▶ **INPUT DATA**:

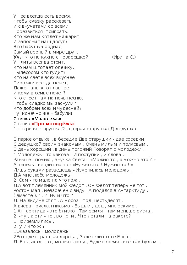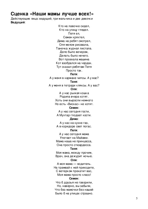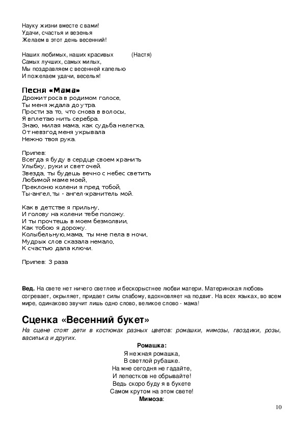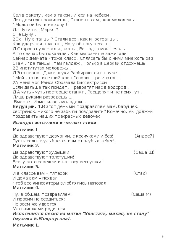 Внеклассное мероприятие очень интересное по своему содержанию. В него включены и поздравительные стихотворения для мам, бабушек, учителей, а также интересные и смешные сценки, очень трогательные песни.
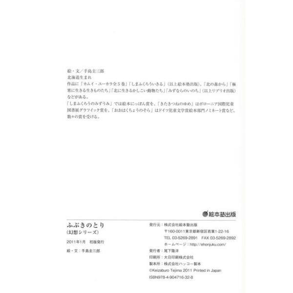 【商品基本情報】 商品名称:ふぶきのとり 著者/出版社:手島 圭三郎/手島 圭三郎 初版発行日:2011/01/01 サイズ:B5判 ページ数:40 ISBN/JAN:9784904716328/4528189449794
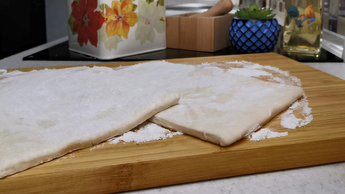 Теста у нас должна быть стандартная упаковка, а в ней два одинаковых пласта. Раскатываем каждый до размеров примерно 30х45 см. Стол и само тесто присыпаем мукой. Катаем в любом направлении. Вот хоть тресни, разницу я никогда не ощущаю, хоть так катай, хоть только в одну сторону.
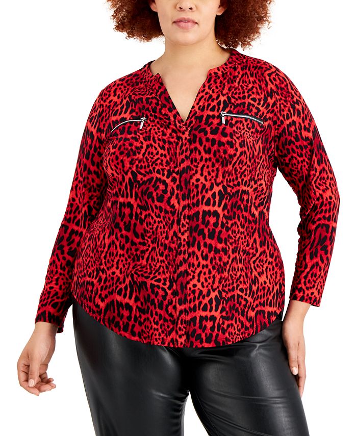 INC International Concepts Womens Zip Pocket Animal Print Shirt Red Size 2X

▶ **PROBLEM TO SOLVE**:
Please transcribe the listing exactly as it stands, but omit its pictures.

▶ **FINISHED TASK**:
 Внеклассное мероприятие очень интересное по своему содержанию. В него включены и поздравительные стихотворения для мам, бабушек, учителей, а также интересные и смешные сценки, очень трогательные песни.
 【商品基本情報】 商品名称:ふぶきのとり 著者/出版社:手島 圭三郎/手島 圭三郎 初版発行日:2011/01/01 サイズ:B5判 ページ数:40 ISBN/JAN:9784904716328/4528189449794
 Теста у нас должна быть стандартная упаковка, а в ней два одинаковых пласта. Раскатываем каждый до размеров примерно 30х45 см. Стол и само тесто присыпаем мукой. Катаем в любом направлении. Вот хоть тресни, разницу я никогда не ощущаю, хоть так катай, хоть только в одну сторону.
 INC International Concepts Womens Zip Pocket Animal Print Shirt Red Size 2X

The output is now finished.